When I was 12 years old I got drunk for the first time. It was New Year’s Eve and my mother entrusted my brother and I to hold down the fort while she slipped into her sparkly shoes and headed to a masquerade ball. As soon as she left I began chugging cheap champagne in the second story bathroom of our house. I locked the door and began crooning Springsteen tunes before passing out on the floor. My heroic older brother climbed on an outdoor window ledge in an attempt to rescue me from myself. He fell two stories through a thorn bush and landed on a brick wall in our garden below. I awoke the next day with my first hangover and was informed that my brother lay in critical condition at Georgetown hospital. He had almost died on the operating table in the early morning hours with my mother by his side. I blamed myself of course. How could I have been so selfish? I was all alone in my guilt and wished that I had fallen instead of him. I walked outside into our garden and sat down on the jagged bricks where he had landed. The winter winds were blowing and a single leaf floated down toward me. I held out my hand and it landed gently in my palm. The leaf was in the perfect shape of a heart. At this moment, I knew that my brother was going to pull through.
I believe that synchronistic events are fashioned by the will of the soul. It is the soul’s aim to help us restore balance in our psyche. When we are overcome with psychological pain our soul steps in.

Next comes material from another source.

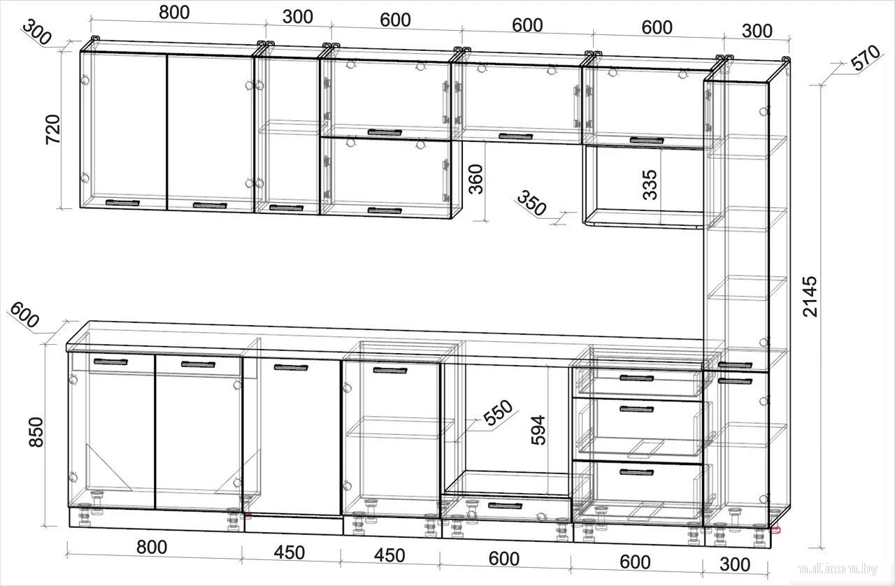 | Верхние шкафы | без стекла |

When our strong emotions sweep us into the eye of the storm our soul reaches out in its unconventional ways. In these moments of despair, our soul may appear through the creation of a synchronistic moment. These occurrences are meant to help us pause and recognize that we are still alive. These are the hours when our faith is challenged and we need reassurance the most. Synchronicities are nudges from the deepest place of love that inhabits our psyche. They are torches in the darkest cave of the unconscious that allow us to glimpse that suffering will end. And it always does.

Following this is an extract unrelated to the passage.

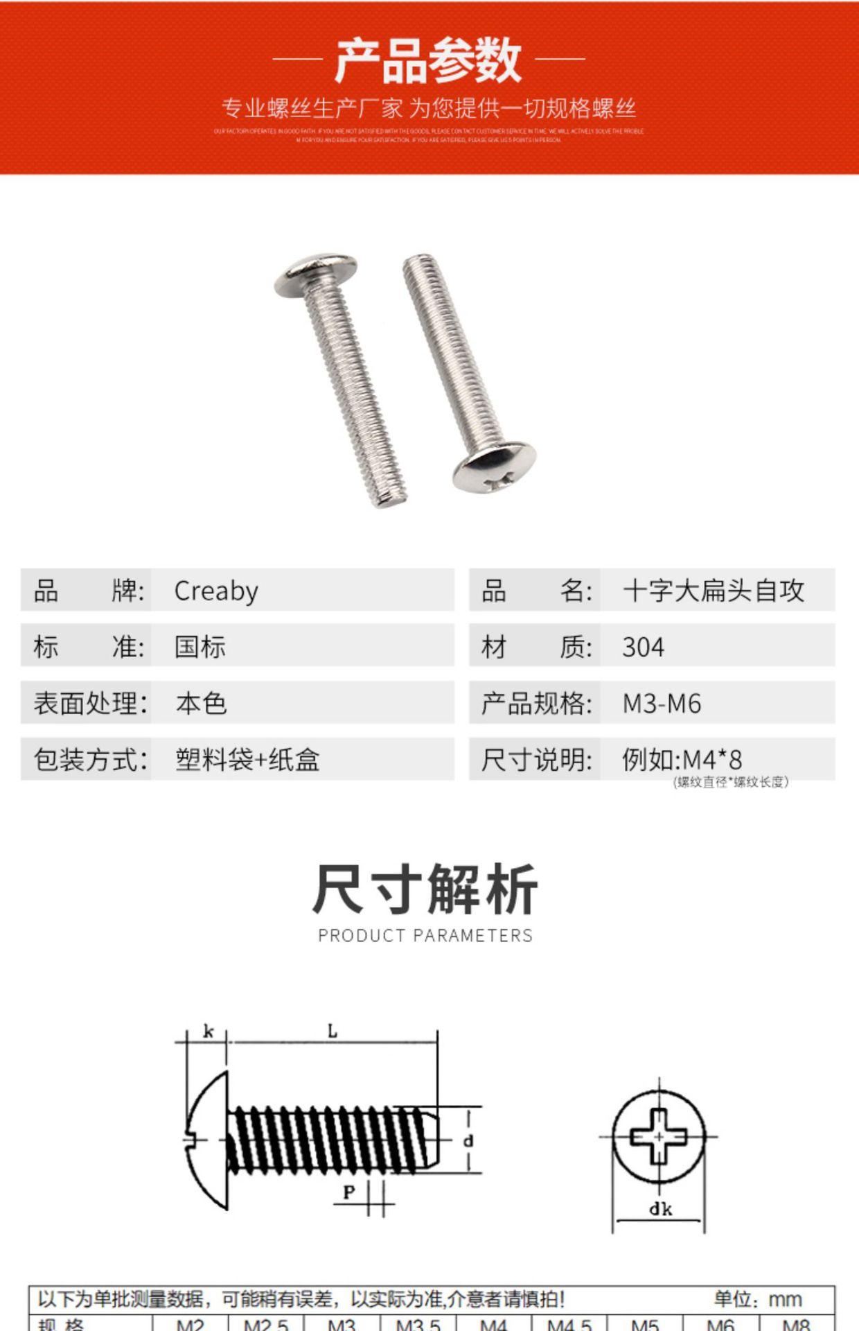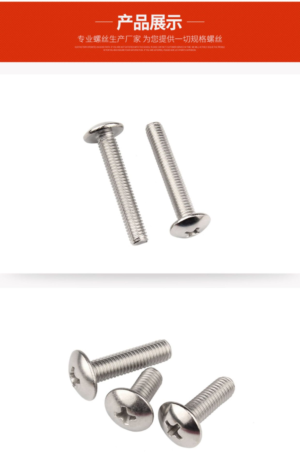 Tornillo de cabeza plana grande de acero inoxidable 304 con forma de cruz, cabeza de paraguas, perno de cabeza redonda, tornillo de alambre tipo hongo M2M3M4M5M6

Synchronicity was instrumental in my own journey toward healing as well. In my late twenties I became severely addicted to drugs and alcohol. I sequestered myself to a small studio apartment in Venice, California where I frantically searched for my lost identity. I did not feel like I belonged in the world and was bereft of hope. I was in a deeply depressed state and felt like I could not go on. The voices in my head disallowed me to sleep so I paced frantically over the manmade canals of my neighborhood. And I seriously thought about jumping in. As I sat on the edge of the muddy banks a paperback book bobbed in the water beneath my feet. It was a poetry book by Pablo Neruda that someone had launched off a nearby bridge. I began to read the first poem and was immediately overwhelmed by its deliberate connection to my own life. The poem spoke about restoring hope through the recognition of small things. I peered to my left and saw a bluebird watching me. I raised my head and saw the sun rise over the palm trees. My sadness disappeared as I read the words. For the first time in many months I felt a calmness wash over me. That was the moment that I began a new way of life. It was the most important moment I have ever had. In that instant I believed that Neruda had written his poem just for me. I believed it with every fiber of my being. In that belief I found my voice again.